On the next day, the judge announced that the evidence established that Armstrong was guilty of first-degree murder and, accordingly, that was his determination of the degree of guilt.
Armstrong now asserts that his plea and resultant conviction should be set aside because the judge failed:
(a) to inform him of the nature of an "open charge" of murder;
(b) to inform him that if he was convicted of first-degree murder he would be ineligible for parole;
(c) to establish a factual basis for the plea by bench questioning;
(d) to conduct a hearing to determine the degree of murder.
I
Armstrong asserts that an "open charge" of murder is inherently uncertain. Unless carefully explained by the judge, a defendant will naturally be "misled" into believing that he will be convicted of an offense lesser than first-degree murder, when in fact that hope is illusory. Specifically, Armstrong asserts that he should have been advised that if the evidence were sufficient to establish first-degree murder, the judge must find that the murder was of the first degree because he does not enjoy the discretion to convict a person, who in fact is guilty of the greater offense, of only the lesser offense.
Armstrong further asserts that, although the judge did inform him that if it was determined he was guilty of first-degree murder a sentence of life *697 imprisonment must be imposed, the judge erred in failing to inform him that he would be ineligible for parole if the degree of guilt was determined to be first degree. Armstrong relies on the construction of FR Crim P, 11 adopted by a majority of the United States Courts of Appeals that ineligibility for parole constitutes a "consequence" of a guilty plea and, therefore, a failure to furnish such information in a case where the defendant would be ineligible for parole vitiates the plea.[1]
Armstrong's guilty plea was accepted in 1963. At the time, neither the court rule nor case law required a judge to explain to a defendant offering to plead guilty to an open charge of murder the nature of the judge's responsibility at a degree hearing.
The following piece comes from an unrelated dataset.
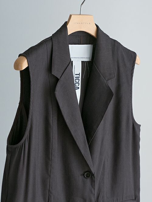 春夏の定番生地であるリネン混のジレ。ブラウスやカットソーの上にさらりと羽織れて、オンオフ共に使用できます。

Nor, this Court subsequently ruled, was there even a requirement that the defendant be advised of the maximum and of any minimum sentence that might or must be imposed (People v Dunn, 380 Mich. 693; 158 NW2d 404 [1968]), let alone that, if convicted of first-degree murder, he would not be eligible for parole.
In that setting, we could not properly say that the trial judge in this case, who did advise the defendant that if he were found guilty of first-degree murder a life sentence must be imposed, erred reversibly in failing to advise the defendant more fully. The extensive guilty plea jurisprudence of this state shows that the word "consequence", in GCR 1963, 785.3(2), did not acquire, before the recent revision of that rule, the meaning given that word in other jurisdictions.[2]
After much debate among Bench and Bar, this Court recently revised the guilty plea procedure to *698 require more extensive advice than under former practice to guilty pleading defendants. See GCR 1963, 785.3-785.11. The revised rule does not require advice concerning the nature of the judge's responsibility in a degree hearing or that a person convicted of first-degree murder is not eligible for parole. It would be incongruous to hold that a defendant pleading guilty in 1963 was entitled to advice that need not be given a defendant pleading guilty today.
II
In accepting Armstrong's plea, the judge did not, in accordance with People v Barrows, 358 Mich. 267, 272; 99 NW2d 347 (1959), establish by "direct questioning" of the defendant "the crime and the participation therein of the person pleading guilty".
Armstrong's plea was offered after three days of trial at which witnesses testified that Armstrong had participated in the armed robbery and that he had held a revolver to Mrs. Kelush's head and killed her.
Armstrong relies on a footnote in People v Taylor, 387 Mich. 209, 225, n 10; 195 NW2d 856 (1972), which states that it is not sufficient that the requisite facts appear on the record of a preliminary examination. There is, however, considerable difference between the record of a preliminary examination and a trial record. In many cases a preliminary examination record will not be typed before the plea is taken and even if it is typed the judge may not read it.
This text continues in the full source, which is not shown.